SIR_count_by_hospital = data.filtered %>%
  filter(Measure.ID %like any% c("%SIR%")) %>% # get SIR scores
  group_by(Hospital.Name) %>%
  summarise(count_above=length(which(Score > 1.0)), count_below=length(which(Score <= 1.0))) %>%
  arrange(desc(count_above)) %>%
  slice(seq_len(20)) # get top 20


plot_ly(SIR_count_by_hospital, x=~count_above, y=~Hospital.Name,
        name='Actual > Predicted', type='bar', width=975, height=600,
        marker=list(color = 'black', line=list(color = 'rgb(8,48,107)', width = 1.5))) %>%
  add_trace(x=~count_below, name='Actual <= Predicted', marker=list(color="lime")) %>%
  layout(barmode="group", margin=list(t=70),
         title="Combined Summary of the 8 Infection Types\nActual Count VS Predicted Count (20 Worst Hospitals)\n\n",
         titlefont=list(size=15),
         xaxis=list(title="Count"),
         yaxis=list(side="left", title=NA, categoryarray=~count_above))

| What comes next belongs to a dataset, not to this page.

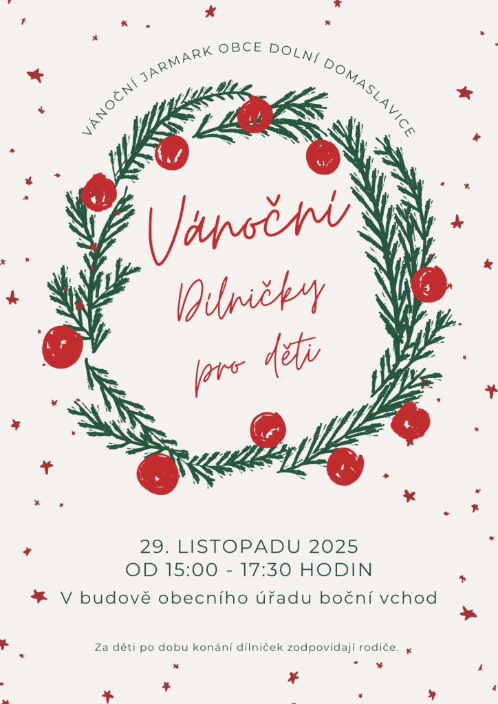 Vánoční jarmark se koná 29. 11. 2025 od 14:00 hodin před obecním úřadem v Dolních Domaslavicích. Těšit se můžete na vystoupení MŠ a ZŠ, Máš a Medvěd. Program zahrnuje také hudební vystoupení ACOUSTRIO a Václava Fajfra, a Mirabel. V rámci akce budou k dispozici vánoční dílničky a tombola.
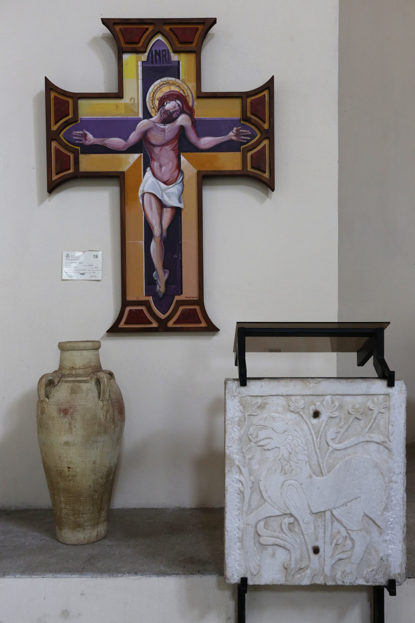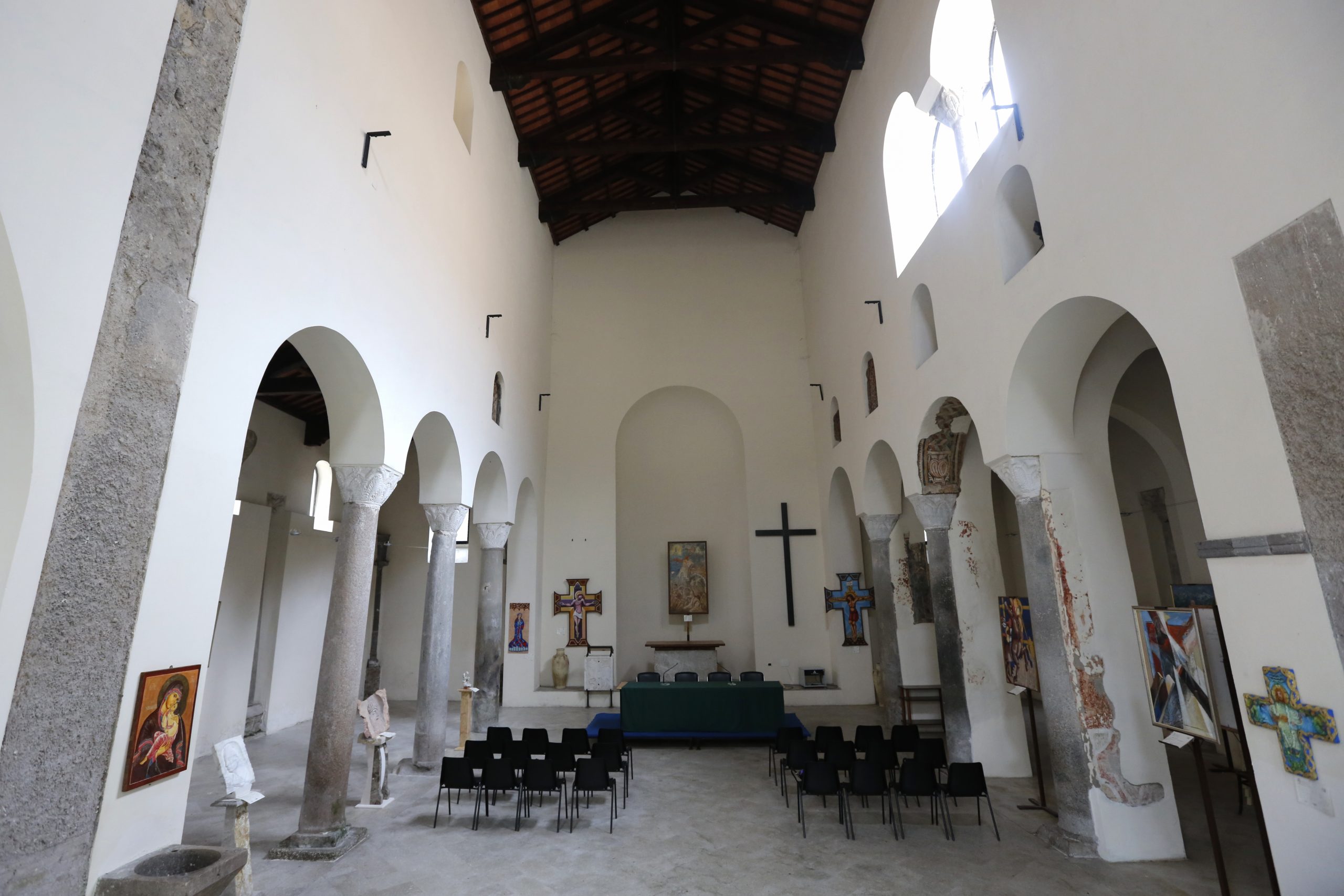 Il complesso monumentale è di altissimo livello con elegante soffitto a capriate in legno oscuro. Strettamente connesso alla chiesa il campanile romanico in pietra e tufo (XII sec.) presenta due ordini di bifore.

One thing to notice is that not every hospital referenced in the plot contains a measure for each of the eight infection types. Certain values were listed as not available (see NOTE in description) or as not able to be calculated, thus explaining missing values for certain hospitals. The plot provides visual evidence of the count of infection types that had a more frequent occurrence than predicted (colored in black) and of the count of infection types that had a less frequent occurrence than predicted (colored in green). According to the plot above, the hospital Chesapeake General Hospital in Chesapeake, VA had more actual occurrences than predicted for all eight infection types. It is worth noting that this hospital is not located in either Rhode Island or the Virgin Islands, which we previously cited as the two territories with SIR measurements above 1.0. Next we will look more in depth at the infection frequency for this hospital to determine what HAI is most responsible for this phenomenon and how this hospital-specific distribution reflects the national distribution.

Frequency of infections at hospital with highest frequency of unexpected infections i.e. Chesapeake General Hospital

# filter to get values of actual infection counts
worst_hospital = data.filtered[data.filtered$Hospital.Name == "CHESAPEAKE GENERAL HOSPITAL (CHESAPEAKE, VA)", ] %>%
  filter(Measure.ID %like any% c("%NUMERATOR%")) %>%
  select(Measure.ID, Score)
  
ggplot(worst_hospital, aes(x=reorder(Measure.ID, Score), y=Score, group=1),
       width=2000, height=1000) + 
  coord_flip() + # change from vertical plot to horizontal plot
  geom_bar(stat="identity") +
  scale_x_discrete(labels=labs) +
  labs(x="Infection Type", y="Count") + 
  labs(title="Infection Frequency at Chesapeake\nGeneral Hospital (Chesapeake, VA)") +
  theme(plot.title=element_text(hjust=0.5)) # center title  

The plot above shows the number of actual occurrences of each infection type at Chesapeake General Hospital in Chesapeake, VA. The distribution is somewhat similar to the national distribution with intestinal infections being the most common HAI.


Conclusion

Healthcare-Associated Infections are in every U.S. state/territory. One should be vigilant, if hospitalized, of intestinal infections and catheter-associated infections–the two most common HAIs on a national level.